The SD benchmark test simulates users logging into the sales module of the SAP R/3 and mySAP ERP suite and running transactions, and it has become one of the de facto performance tests used in the server industry. It comes in two flavors: a two-tiered implementation, which puts the SAP application servers and databases on the same physical machine, and a three-tiered setup that puts a database server (or a cluster of database servers) in the center of a network with many separate physical application servers.

Back in the late 1990s, the only way to support a lot of users was with a three-tiered SAP implementation, but with the advent of more powerful processors, vendors have been using the two-tiered test more frequently because it reflects how many midrange shops really do run applications like SAP. What the SD benchmark does not have is a price metric, so I can only talk about performance at this point.

According to a benchmark test run a few weeks ago, a Model 520 with two 1.65GHz Power5 processors, 1.9MB of L2 cache, 36MB of L3 cache, 8GB of main memory, and 1.3 TB of disk capacity was able to support 433 SD users with an average dialog response time of 1.98 seconds. (A dialog is SAP’s way of saying a portion of a transaction, like logging in, then getting a customer account number and looking up an order. That is three dialog steps, but it may be only a single transaction, to some way of thinking. SAP counts all the steps rather than arguing about what is or is not a transaction.) The i5 Model 520 that IBM tested was running i5/OS V5R3 and its integrated DB2/400 database. That machine, by the way, is the most powerful two-way box IBM sells, whether it runs OS/400 or another operating system. But other two-way machines are right in there, as far as the SD test is concerned.

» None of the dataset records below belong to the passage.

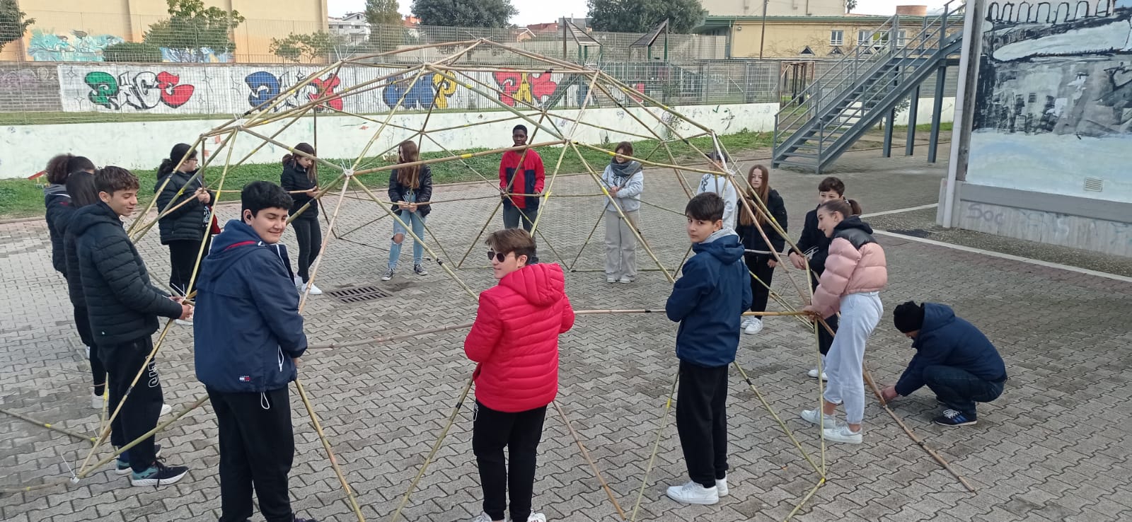 L’ultima sfida è stata progettare una cupola geodetica di dimensioni tali da contenere tutti i 21 studenti coinvolti nel modulo, quindi con un’altezza di almeno 2,5 metri ed una superficie interna di circa 27 metri quadrati. La cupola è stata realizzata utilizzando canne raccolte a Torre Flavia, opportunamente tagliate e montate seguendo il progetto che avevano precedentemente realizzato, utilizzando un software di progettazione.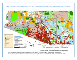 Under international law conventions, all migrants are entitled to basic fundamental rights protecting their livelihood and dignity, and many argue that U.S. immigration policy has the distinct, though perhaps unintended, effect of violating certain tenets of these treatises. The “Border Patrol Strategic Plan for 1994 and Beyond” laid the groundwork for the implementation of several landmark border reforms including: Operation Gatekeeper, Operation Hold the Line, and Operation Safeguard. These plans were geared to amplify border control at key urban centers and idealistically create a natural deterrent, by redirecting illegal traffic through the harsh and inhospitable desert and mountain regions, like those of southern Arizona. According to Amnesty International, this strategy of “prevention through deterrence” had marginal effects on the numbers of illegal crossings, but has rather shifted migrant traffic through “more hostile terrain that placed them in mortal danger.” [1] Between 1998 and 2008, estimates of more than 5,000 deaths have been compiled and a report by the Government Accountability Office (GAO) found that inconsistent data collection and coordination between agencies might mean even these high figures are severely underestimated.[2]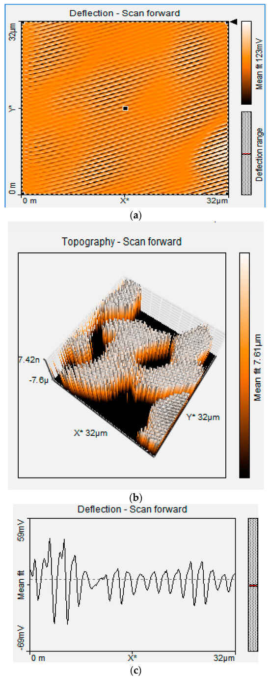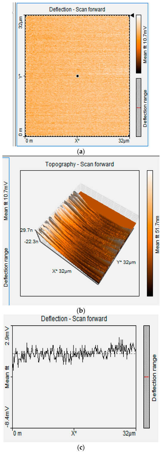Table 1 presents the results of roughness assessments of unmodified BDD and P3MT/BDD film surfaces using Atomic Force Microscopy (AFM), providing information on surface areas and corresponding roughness values. A smooth surface was observed for unmodified BDD in all image sizes (32 × 32 μm and 8 × 8 μm). The voltage applied was 500 mV and 1000 mV. Generally, the deflection scan’s low values correspond to topological depths. The AFM images show that the films are homogeneous for 32 × 32 μm BDD/P3MT at 500 mV (Figure 8). The thickness of these films was measured to be ~21.4 nm from the scale of the 3D view of the AFM image [65].

IBM also recently tested a BladeCenter HS20 blade server equipped with two of Intel’s 3.2GHz Xeon processors, 512KB of L2 cache, 2MB of L3 cache, 6GB of main memory, and 792GB of disk capacity. This IBM blade server was set up with Microsoft Corp’s Windows Server 2003 Enterprise Edition and IBM’s DB2 UDB 8.1 database for Windows. When IBM ran the SD test on it, it could support 428 SD users with an average dialog response time of 1.99 seconds. This is very nearly the same result as with the i5 Model 520.

A nearly identically configured X86-based BX600 blade server from Fujitsu-Siemens, running Novell Inc’s SuSE Linux Enterprise Server 8 and a variant of the open source MySQL database co-developed by SAP AG and MySQL AB, could only handle 385 SAP SD users with an average dialog response time of 1.95 seconds. This particular machine only had 216GB of disk, so it may have been I/O-constrained.

Sun Microsystems Inc has also recently tested its two-way Sun Fire V20z Opteron-based server on the SD test. Sun put two of the 2.2GHz Opteron 248 processors in the V20z, which has 1MB of L2 cache on the chip. It added 16GB of main memory to the box and 948GB of disk capacity. This machine was, ironically, not equipped with Sun’s own Solaris 9 operating system, which can run in 32-bit mode on the 64-bit Opterons, but opted instead for a 64-bit version of SuSE 8 and the Oracle 9i database. This machine could support 410 SD users with an average dialog response time of 1.84 seconds. If Sun had done a bit more tuning to stretch out the response times a little, it may be been able to throw on a few more users.

While IBM and its partners can use the lower-cost-of-ownership argument as an ace up the sleeve, clearly the performance of the new i5 Model 520 is as good or better than the alternatives in the entry market, as far as the SD test goes. It will take a lot more tests on a lot more benchmarks to prove this to new customers and to excite existing customers to upgrade their machines, of course. But this is an excellent first step for performance-conscious customers.